The bad:
- Calling me *****/faggot and all kind of homosexual insults (funny thing is that some of them told me they were gay but by insulting me everyone forgot about them, they were safe so to speak of...instead of helping me to stop those shitheads, they joined them :/)
- Spitting on me
- Telling others not to get close/talk to me because i was a fag (like it's contagious)
- Trying to force me to get naked in the locker room
- Grab me by the neck and try to steal the keys of my house (5 ppl against me)
- Pushing and hitting me (not strong, like they were not trying to hurt but to despise me)
- Following me everywhere without saying a word to intimidate me
- Asking constantly if i was gay (not politely)
- There was a group that always threw a basketball ball at my head everytime
they saw me.
- Looking at me and start laughing in a mocking way
- Rejection, no one wanted to be with me during group works
- ***There was this guy with whom i always talked about videogames (he loved Metroid xD) and star wars and had a blast together, always laughing, i really liked him (as a friend, not in a sexual way). He was also into sports and played basketball and had a lot of friends but the fact that he wanted to be with me during breaks (we werent in the same class) made me feel like maybe i was not that horrible after all. Unfortunately we didnt keep in touch outside school, i asked for his number once in order to do stuff after classes were finished but he said his father didnt let him to (maybe that was the reason but a part of me always thought that he finally heeded all those comments about staying away from me, dunno), anyway eventually my darkest time (so dramatic!) started and i dropped out of that school so i lost all contact with him. Losing what i thought was my only friend didn't help much.

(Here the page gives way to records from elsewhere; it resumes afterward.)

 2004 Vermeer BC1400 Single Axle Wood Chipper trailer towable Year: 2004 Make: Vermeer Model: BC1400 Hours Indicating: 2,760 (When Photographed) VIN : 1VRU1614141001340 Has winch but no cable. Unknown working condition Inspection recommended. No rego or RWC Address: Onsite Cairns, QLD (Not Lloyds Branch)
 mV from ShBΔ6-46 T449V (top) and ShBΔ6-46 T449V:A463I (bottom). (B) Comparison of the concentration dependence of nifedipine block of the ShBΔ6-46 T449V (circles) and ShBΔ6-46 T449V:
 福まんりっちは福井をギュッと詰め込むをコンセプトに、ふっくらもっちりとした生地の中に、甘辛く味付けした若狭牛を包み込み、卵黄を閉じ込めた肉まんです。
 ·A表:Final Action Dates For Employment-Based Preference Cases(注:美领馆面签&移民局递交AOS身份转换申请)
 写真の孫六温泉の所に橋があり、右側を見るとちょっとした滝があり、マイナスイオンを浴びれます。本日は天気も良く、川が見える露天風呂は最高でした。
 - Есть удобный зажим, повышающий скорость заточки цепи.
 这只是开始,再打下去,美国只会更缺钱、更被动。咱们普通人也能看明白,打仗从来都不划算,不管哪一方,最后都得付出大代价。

Sorry for all the writting but i just remembered what would be like my little heaven inside hell and wanted to share it, fortunately for you, i rarely do it :bigsmile: ***
The worst:
- Make me hate myself for a long time (no longer thankfully tho i still feel
uncomfortable around others)
- Isolation (still working on it)
- SA (still working on it)
- Prevent me from enjoying life at its fullest and avoid stuff i'd like to do because of fear (still working on it)
- There's a saying that says: the worst thing a bad person can do to you is to make you not trust on the good ones (i'm translating from spanish, maybe it's different in other languages) and i'm aware that that has happened to me, i've rejected good ppl out of fear (AGAIN still working on it)
I know that some of those things on this list will remain forever "still working on it" because something inside me is broken and cannot be fixed so i just have to learn how to live with it and will be an everyday struggle
I also know there are ppl with greater problems out there so this is not a list of the worst things in the world, just the ones that afflict me.
If you read this far, congratulations!